U.S. Senator Debbie Stabenow, Chairwoman of the Senate Committee on Agriculture, Nutrition and Forestry, today applauded President Obama for convening the White House Rural Council and responding as forcefully as possible to this year’s record-setting drought. At Chairwoman Stabenow’s urging, the U.S. Department of Agriculture (USDA) issued disaster declarations last month that make emergency loans available to help farmers, ranchers and agricultural businesses who are recovering from a spring deep freeze and the worst national drought in more than 50 years. The White House has now announced a new round of disaster relief to support farming families and the nation’s agriculture economy.
The announcement comes as the House has yet to take up a new Farm Bill, which includes significant disaster relief provisions and would provide farmers and agriculture businesses the certainty they need to invest and grow. USDA Secretary Tom Vilsack was in Michigan with Senator Stabenow this week to talk to farmers hurt by this year’s inclement weather.
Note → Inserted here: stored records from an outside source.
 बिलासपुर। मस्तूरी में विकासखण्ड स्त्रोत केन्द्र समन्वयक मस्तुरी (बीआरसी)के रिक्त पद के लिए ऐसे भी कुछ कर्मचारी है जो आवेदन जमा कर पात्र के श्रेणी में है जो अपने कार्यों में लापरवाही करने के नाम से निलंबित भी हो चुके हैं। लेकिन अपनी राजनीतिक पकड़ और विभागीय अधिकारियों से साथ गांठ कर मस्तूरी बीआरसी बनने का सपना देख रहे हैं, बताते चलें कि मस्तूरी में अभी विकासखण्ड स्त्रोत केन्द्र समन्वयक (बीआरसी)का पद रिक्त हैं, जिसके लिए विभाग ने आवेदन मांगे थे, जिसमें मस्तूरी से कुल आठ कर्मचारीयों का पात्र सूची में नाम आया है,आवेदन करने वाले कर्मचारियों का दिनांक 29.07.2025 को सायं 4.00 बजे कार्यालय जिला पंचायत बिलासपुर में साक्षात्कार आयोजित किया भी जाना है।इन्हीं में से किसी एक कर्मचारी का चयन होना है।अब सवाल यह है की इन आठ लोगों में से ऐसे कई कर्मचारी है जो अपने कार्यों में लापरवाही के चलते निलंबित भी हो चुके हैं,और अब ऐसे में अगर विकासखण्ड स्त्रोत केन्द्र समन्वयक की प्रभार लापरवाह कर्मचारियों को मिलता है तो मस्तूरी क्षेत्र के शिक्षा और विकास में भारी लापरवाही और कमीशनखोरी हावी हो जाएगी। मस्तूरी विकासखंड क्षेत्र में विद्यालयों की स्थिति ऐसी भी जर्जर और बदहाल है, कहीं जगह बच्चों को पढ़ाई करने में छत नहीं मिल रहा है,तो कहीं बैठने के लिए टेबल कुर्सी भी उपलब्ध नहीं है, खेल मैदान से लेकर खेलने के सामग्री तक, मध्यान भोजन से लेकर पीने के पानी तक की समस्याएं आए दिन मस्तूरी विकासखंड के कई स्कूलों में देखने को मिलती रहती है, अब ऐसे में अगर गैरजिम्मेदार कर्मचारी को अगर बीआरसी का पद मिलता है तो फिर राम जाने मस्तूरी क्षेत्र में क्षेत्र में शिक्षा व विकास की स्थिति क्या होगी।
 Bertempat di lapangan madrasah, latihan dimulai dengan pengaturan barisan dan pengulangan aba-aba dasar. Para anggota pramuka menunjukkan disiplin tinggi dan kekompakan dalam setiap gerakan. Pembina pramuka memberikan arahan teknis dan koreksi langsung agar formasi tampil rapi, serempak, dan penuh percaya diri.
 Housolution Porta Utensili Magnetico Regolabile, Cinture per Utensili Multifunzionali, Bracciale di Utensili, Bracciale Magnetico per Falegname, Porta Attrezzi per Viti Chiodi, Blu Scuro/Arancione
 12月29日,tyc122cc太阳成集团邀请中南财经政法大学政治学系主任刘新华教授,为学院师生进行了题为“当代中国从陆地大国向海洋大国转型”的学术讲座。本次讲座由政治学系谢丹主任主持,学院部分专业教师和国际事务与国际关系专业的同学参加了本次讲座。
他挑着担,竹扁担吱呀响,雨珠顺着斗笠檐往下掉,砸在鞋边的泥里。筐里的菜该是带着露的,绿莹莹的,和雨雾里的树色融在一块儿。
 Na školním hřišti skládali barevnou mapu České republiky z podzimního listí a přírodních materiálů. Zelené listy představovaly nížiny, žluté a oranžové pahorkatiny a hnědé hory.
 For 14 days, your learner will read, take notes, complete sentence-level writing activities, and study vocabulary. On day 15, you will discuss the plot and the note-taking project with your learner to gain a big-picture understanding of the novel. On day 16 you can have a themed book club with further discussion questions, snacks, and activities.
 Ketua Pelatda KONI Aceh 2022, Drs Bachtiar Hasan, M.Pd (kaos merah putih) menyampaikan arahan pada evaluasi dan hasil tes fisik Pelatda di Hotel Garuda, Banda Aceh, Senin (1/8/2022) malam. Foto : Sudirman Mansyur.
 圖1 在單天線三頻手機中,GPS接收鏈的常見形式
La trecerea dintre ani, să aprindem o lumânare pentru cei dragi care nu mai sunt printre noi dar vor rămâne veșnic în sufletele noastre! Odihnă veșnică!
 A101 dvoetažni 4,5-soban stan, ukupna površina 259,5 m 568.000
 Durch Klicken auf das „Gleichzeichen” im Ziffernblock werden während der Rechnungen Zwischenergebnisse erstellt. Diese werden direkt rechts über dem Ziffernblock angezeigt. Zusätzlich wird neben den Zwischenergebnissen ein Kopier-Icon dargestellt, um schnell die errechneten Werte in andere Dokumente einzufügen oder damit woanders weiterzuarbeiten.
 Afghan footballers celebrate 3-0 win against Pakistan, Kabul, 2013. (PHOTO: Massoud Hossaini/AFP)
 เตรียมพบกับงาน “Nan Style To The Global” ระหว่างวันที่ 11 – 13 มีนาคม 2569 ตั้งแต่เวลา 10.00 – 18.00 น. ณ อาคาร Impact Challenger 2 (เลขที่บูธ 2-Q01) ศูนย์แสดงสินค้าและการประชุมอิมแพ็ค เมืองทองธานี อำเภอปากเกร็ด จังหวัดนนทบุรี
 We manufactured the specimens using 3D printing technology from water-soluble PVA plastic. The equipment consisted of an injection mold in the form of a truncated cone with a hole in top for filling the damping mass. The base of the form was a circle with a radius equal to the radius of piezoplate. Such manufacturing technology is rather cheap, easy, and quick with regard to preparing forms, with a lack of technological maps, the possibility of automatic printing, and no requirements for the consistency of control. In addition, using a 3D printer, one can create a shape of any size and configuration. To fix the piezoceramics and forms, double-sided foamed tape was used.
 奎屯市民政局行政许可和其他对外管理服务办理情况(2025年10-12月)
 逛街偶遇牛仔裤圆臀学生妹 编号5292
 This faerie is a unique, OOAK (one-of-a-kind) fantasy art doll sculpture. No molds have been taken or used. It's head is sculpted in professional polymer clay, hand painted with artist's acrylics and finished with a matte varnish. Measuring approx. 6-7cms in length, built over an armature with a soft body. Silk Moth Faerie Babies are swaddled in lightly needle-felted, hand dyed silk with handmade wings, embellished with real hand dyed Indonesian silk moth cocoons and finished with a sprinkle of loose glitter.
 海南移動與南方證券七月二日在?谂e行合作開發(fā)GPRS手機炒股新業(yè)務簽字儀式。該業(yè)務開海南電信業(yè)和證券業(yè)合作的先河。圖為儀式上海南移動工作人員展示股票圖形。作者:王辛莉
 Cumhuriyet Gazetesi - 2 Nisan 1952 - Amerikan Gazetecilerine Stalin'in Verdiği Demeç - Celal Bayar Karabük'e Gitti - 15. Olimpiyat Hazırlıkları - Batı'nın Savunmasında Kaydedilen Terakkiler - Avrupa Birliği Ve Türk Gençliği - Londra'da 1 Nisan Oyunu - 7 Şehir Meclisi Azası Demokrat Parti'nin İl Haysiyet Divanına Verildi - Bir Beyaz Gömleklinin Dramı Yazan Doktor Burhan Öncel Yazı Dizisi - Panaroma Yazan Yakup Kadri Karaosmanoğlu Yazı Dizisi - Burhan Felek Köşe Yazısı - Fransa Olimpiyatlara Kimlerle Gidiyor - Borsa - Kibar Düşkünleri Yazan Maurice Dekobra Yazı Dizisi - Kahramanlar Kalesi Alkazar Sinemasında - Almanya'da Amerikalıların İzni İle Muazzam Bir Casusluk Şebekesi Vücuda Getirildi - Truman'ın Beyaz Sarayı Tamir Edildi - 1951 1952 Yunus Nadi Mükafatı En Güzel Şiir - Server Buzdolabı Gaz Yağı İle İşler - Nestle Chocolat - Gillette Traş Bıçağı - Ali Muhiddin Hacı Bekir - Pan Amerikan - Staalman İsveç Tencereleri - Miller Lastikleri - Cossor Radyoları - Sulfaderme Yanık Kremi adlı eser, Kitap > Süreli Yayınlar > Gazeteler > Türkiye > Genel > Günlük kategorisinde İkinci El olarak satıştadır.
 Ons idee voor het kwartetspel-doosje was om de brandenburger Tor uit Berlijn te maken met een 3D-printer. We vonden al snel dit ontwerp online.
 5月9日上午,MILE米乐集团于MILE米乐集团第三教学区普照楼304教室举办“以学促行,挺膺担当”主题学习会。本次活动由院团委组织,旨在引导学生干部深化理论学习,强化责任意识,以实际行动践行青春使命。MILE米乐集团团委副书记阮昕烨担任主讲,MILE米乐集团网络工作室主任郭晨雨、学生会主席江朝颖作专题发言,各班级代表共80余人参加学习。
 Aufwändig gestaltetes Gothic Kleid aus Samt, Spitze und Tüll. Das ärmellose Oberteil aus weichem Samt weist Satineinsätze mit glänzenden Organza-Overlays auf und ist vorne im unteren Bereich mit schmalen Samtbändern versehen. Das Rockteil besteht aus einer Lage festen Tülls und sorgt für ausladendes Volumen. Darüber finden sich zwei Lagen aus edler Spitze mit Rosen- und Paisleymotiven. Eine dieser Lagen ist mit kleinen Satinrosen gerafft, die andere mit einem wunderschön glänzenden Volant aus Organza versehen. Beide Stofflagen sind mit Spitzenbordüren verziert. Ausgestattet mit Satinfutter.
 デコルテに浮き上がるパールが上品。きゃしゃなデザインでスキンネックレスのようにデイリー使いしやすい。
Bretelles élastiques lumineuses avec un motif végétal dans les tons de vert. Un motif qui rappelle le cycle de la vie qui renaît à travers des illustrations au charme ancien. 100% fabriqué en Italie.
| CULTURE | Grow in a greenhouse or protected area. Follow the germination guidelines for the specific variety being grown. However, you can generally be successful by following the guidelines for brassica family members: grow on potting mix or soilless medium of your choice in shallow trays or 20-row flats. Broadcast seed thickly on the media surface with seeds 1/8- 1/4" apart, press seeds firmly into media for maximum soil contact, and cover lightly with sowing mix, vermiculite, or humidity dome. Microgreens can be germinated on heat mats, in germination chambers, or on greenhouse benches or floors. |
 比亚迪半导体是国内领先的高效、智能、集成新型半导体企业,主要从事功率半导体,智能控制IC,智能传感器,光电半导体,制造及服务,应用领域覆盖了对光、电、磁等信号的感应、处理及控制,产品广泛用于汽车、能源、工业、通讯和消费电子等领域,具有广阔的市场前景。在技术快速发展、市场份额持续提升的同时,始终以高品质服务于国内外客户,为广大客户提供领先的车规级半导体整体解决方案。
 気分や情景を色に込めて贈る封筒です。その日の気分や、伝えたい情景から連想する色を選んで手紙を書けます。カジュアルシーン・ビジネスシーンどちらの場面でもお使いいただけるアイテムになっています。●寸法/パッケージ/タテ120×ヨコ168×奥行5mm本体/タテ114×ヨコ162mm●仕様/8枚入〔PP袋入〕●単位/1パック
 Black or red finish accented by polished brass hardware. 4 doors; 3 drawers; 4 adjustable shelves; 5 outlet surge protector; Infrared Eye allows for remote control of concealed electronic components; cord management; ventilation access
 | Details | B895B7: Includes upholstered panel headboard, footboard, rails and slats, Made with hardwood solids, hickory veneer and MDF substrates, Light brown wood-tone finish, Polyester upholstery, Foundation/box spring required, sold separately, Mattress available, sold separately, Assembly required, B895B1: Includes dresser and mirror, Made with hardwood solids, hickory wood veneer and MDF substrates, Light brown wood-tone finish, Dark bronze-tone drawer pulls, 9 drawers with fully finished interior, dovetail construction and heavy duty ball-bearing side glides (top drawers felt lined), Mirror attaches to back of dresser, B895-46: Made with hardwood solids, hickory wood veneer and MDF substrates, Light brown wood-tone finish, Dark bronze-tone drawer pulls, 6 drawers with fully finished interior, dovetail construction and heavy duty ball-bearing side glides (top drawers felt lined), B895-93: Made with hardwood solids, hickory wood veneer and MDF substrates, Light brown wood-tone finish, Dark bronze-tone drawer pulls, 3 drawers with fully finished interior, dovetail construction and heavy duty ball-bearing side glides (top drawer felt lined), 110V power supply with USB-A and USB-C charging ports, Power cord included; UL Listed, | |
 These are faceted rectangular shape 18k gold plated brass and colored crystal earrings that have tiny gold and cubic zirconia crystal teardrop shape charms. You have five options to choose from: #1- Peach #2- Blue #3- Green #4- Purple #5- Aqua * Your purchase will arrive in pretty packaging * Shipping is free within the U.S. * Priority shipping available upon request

“The administration’s efforts are very good steps in the effort to combat against deep freeze, drought and other weather disasters that have occurred this year,” said Stabenow. “But while the administration is doing everything it can, the real burden rests on Congress to pass a full five-year Farm Bill that would provide better disaster relief and provide long-term certainty. Democrats and Republicans in the Senate came together to pass a bipartisan Farm Bill. It’s deeply troubling that House leaders would leave farmers, ranchers and small businesses in the lurch at a time when our agriculture economy is vulnerable and facing historic hardship.”
The full Senate passed its Farm Bill in June and the House Agriculture Committee passed its version last month with strong bipartisan support. The Senate Farm Bill includes critical disaster assistance provisions that go above and beyond the limited assistance the House leadership proposed, and strengthens crop insurance to help ensure farmers are protected from future disasters. Farmers and farm groups agree that a full five-year Farm Bill is better than a limited disaster bill (link).
The new Farm Bill provides farmers the certainty they need to plan for the upcoming season and strengthens initiatives that help farmers and small businesses continue to grow America’s agriculture economy. It is also the only bipartisan bill to cut spending that passed the Senate this year, reducing the deficit $23 billion while ending direct payment subsidies, streamlining programs and confronting program abuse.